Dünyada listeleri Umberto Eco’dan daha çok seven biri var mıydı acaba? Bu konu hakkında kitap da yazdı. “Listeleri seviyoruz; çünkü ölmek istemiyoruz” diyen odur. Bu sözleri Der Spiegel’e verdiği bir röportajda sarf etmişti. İlgili bölümü okurlar için alıntılayayım burada, çünkü çok ilginç. “Bir sınırımız var; cesaret kırıcı, aşağılayıcı, küçültücü bir limit: Ölüm. Bu yüzden sınırı ve bu sayede de sonu olmadığını düşündüğümüz her şeyi seviyoruz. Bu bir bakıma ölüm düşüncesinden kaçmamızı sağlıyor. Listeleri seviyoruz çünkü ölmek istemiyoruz.”Eco da göçtü gitti; listeleri kaldı. “Sizin listenizde ne var” sorularını yanıtlamaktan kaçardı; bunun sürekli değişeceğini söylerek. Ama şimdi biz belki Eco için bir liste yapabiliriz. Geçen gün fark ettim, “blogumda en çok yazdığım kişi sanırım Eco” diye düşündüm. Sanırım bu yüzden bana Eco’yu soruyorsunuz.Şundan yazıyorum; bana göre sadece bir yazar değil Eco; bir fikir aynı zamanda. O istemese de, bu fikri geniş zamanda tanımlayan bir liste yapabiliriz. Uzun dönemli bir alışveriş listesi gibi bakalım:
- Bir harita (Bir yeraltı şehrinin olabilir).

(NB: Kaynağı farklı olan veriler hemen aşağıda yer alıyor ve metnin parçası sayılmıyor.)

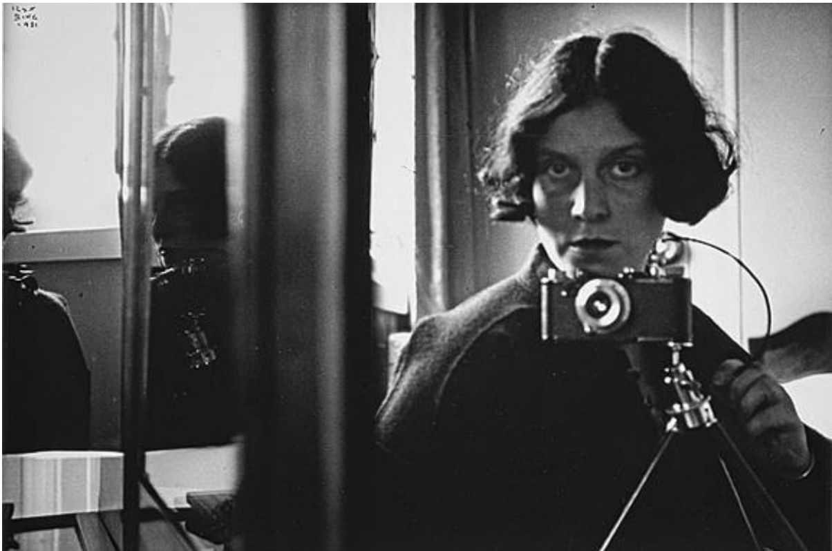
Ilse Bing, Autoportrait au Leica (1931)

Une histoire de la photographie pourrait consister à retracer, telle une épopée visuelle, les « faits et gestes » du médium comme on le disait des grands personnages à l'époque classique. Depuis son invention et son essor au cours du XIXe siècle jusqu'aux révolutions technologiques et sociétales qu'elle accompagne du XXe siècle à nos jours, la photographie implique dans ses pratiques et dans ses usages des dispositions particulières qui sollicitent le corps du modèle et du photographe, des deux côtés de la caméra. Des gestes en tous genres sont présents dans tous les temps de l'image, de la réalisation de l'action à sa captation, de l'élaboration du tirage à son exposition.

- Bir pipo (Öyle süslü püslü değil, pratik).
- Bir gece lambası (ya da mum).
- Bir şapka (Fötr ya da kasket, her durumda “Eco şapkası” denebilir)
- Kitap (Herhangi bir dilde, herhangi bir konuda ama matbu, tercihen renkli resimli).
- Mezura (Kitaplar, kitaplığa başka türlü nasıl sığacak).
- Gazete (İlla ki İtalyanca, gündelik ahmaklıkların tadına varmak için).
Röportajlarının hastasıyız. İyi soru sormanın özünde ne yatıyor sence?
Övgü için teşekkürler 🙂 ama ben izninizle kenardan dolanayım.Benim bugüne dek okuduğum ve izlediğim en iyi röportajlar, gazetecinin kendini dışarıda bırakmayı becerdiği işler. Ben bunu ne ölçüde becerebiliyorum, bilemiyorum. Ama denediğimi söylemeliyim. Röportaj yaparken de çözerken de, önemli bir lafı sersemce böldüğümü anladığım çok an halen var; demek ki pek aşama kaydetmemişim.Şunu biliyorum artık: Her gazetecide kendini beğendirme arzusu vardır. Gazeteci hem okura hem de röportaj yaptığı kişiye kendini beğendirmek, bir bakıma kendini ispatlamak ister. “Ben bir kayıt makinesi değilim, ben de çok şey biliyorum” demek ister. Bana kalırsa, çok az okurun umursadığı bir şey bu. Röportaj yapılan kişi ise umursamadığı gibi bu tavrı sevmez de; çünkü bu, onun sahnesinden çalmaktır. Demek ki sorulara kendini katmanın katkısı neredeyse sıfırdır; işe yaramaz. O yüzden, röportaj yapan herkesin biraz sakin kalması, kendisini dışarıda tutması gerekir. Bu, kişinin şahsiyetini sıfırlaması anlamına gelmiyor. İyi sorular ve iyi yazmak şahsiyeti zaten ortaya koyar. Bir de bunlar emeğe işaret eder ki; en önemlisi de odur. Okur da bu emeği, “ben”li cümlelere göre daha rahat hisseder ve takdir eder zaten.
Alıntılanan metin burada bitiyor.